Using AI4EOSC’s federated learning and composite AI solutions, we are pushing the boundaries of disease detection models in agriculture, which will be integrated into existing national advisory platforms, such as eDWIN, operated by AI4EOSC partners (WODR and PSNC), and accessible to farmers, advisors, and scientific institutes. We offer individual risks of cumulative risk calculations for the most common crops and related diseases including potato blight and Cercospora in beet. This presentation will show a practical use of the provided feature of a integrated plant protection use case.
The third AI4EOSC project use case revolves around unmanned aircraft system (UAS)-based thermal imagery and how this form of data can be leveraged to find thermal points of interest in our cities' environments. This spans from detecting thermal bridges on building rooftops for energy retrofits, over identifying all manner of common urban hot-spots, to segmenting thermal anomalies for pipeline leak detection.
Three modules have been implemented on the platform that enable the training of object detection and semantic segmentation models as well as prediction with well-known CNN- and transformer-based architectures. Not only are the platform's resources leveraged to perform both these tasks but other functionalities are also made use of, such as MLFlow for experiment tracking.

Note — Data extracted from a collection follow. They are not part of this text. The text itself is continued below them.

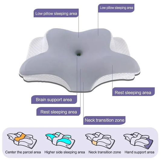 The unique design of the pillow perfectly supports your head, neck, and shoulders, ensuring proper alignment while you sleep. This helps to alleviate pressure points and promotes better posture, allowing for a more restful night's sleep.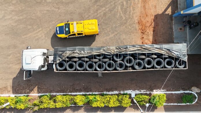 Na manhã de hoje (05), policiais militares do 4º Pelotão de Eldorado-MS repassaram informações à equipe da Base da Polícia Militar Rodoviária em Amambai-MS sobre um caminhão com semirreboque que estaria transportando grande quantidade de pneus de origem estrangeira.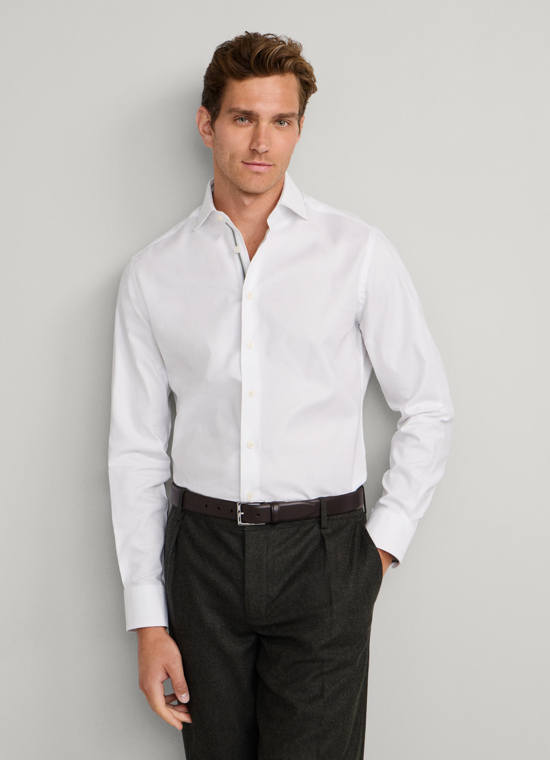 - Cuello Kent recortado, un sello distintivo de los estilos clásicos de las camisas Hackett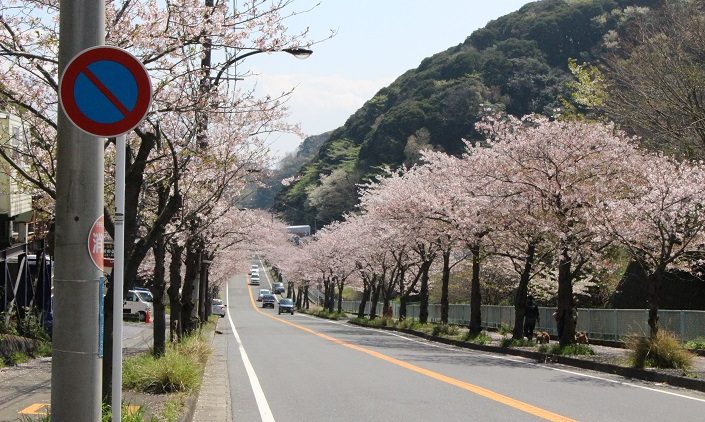 通研通りの桜並木は横須賀の桜並木の中でも人気スポット…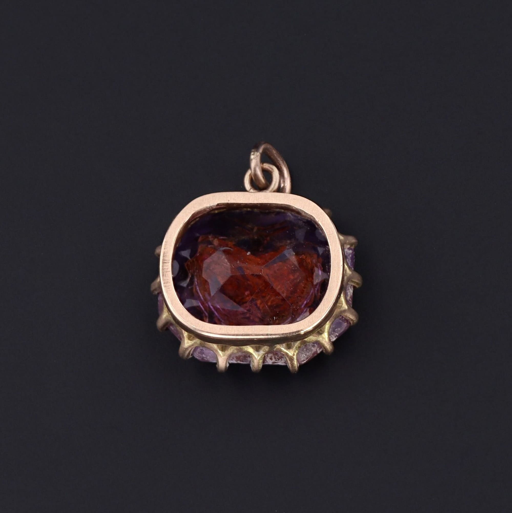 A stunning amethyst charm created from an antique stick pin will add a pop of whimsy not just to your ensemble but to your whole day!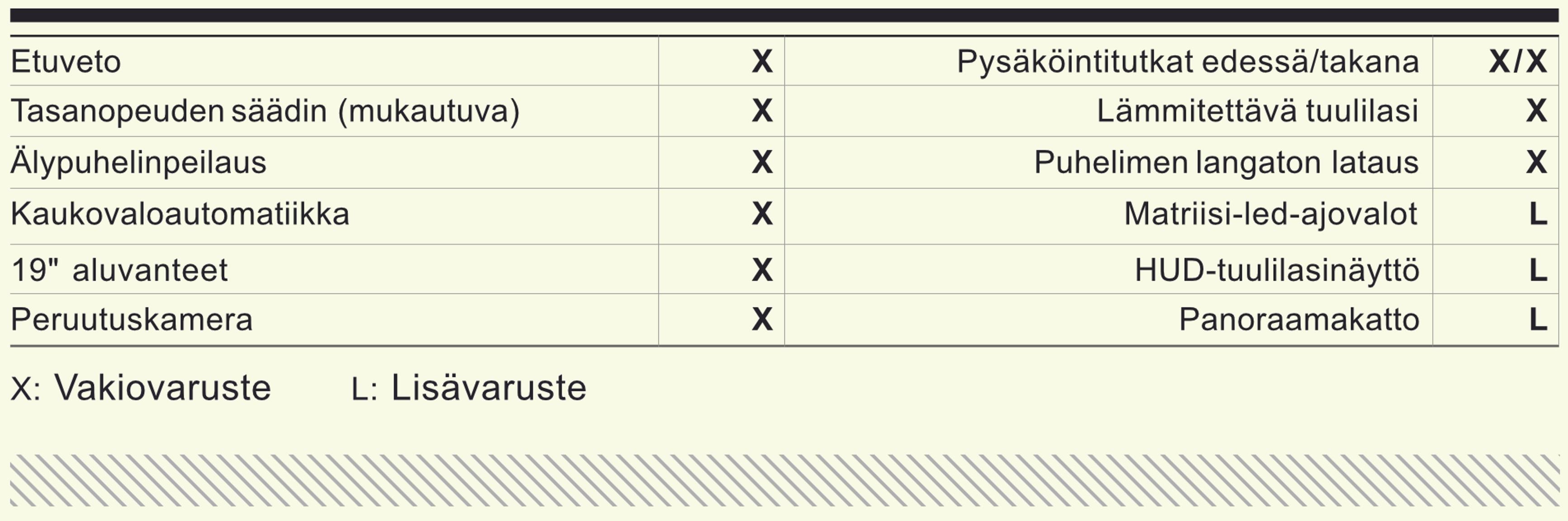 Auton varustelu on sen luonteen mukaisesti varsin kattavaa. Kaikissa versioissa on Technosta alkaen vakiona muun muassa 12,3-tuumaisen muunneltavan digitaalimittariston ja kojelaudan keskelle sijoitetun pystysuuntaisen kosketusnäytön yhdistelmä, johon kuuluvat niin navigointi kuin peruutuskamerakin. Kuljettajan apuna on monipuolinen valikoima avustavia järjestelmiä ja pysäköinnissä auttavat etu-, taka- ja sivupysäköintitutkat. Mukavan ajoasennon löytymisessä auttavat istuimen sähkösäädöt, joiden lisäksi kuljettajan istuimessa on säädettävä ristiselän tuki ja hierontatoiminto. Tavaratilan käyttöä helpottaa handsfree-toiminnolla varustettu sähkötoiminen takaluukku.

We finish this webinar with an external use case of the AI4EOSC platform about satellite imaging. The objective of the use case is to develop a data-driven fusion method that combines the data from Sentinel-2 and Sentinel-3 satellite missions to obtain new products with the best of both in terms of spatial and spectral resolution (images with 21 spectral bands at a spatial resolution of 10m). For this purpose, a Super Resolution Generative Adversarial Network (SRGAN) is trained, and its performance is compared with the one of a Super Resolution Convolutional Neural Network (SRCNN), as well as with those of some traditional data fusion algorithms, such as pansharpening and bicubic interpolation. AI4EOSC platform resources are leveraged for both code development and training.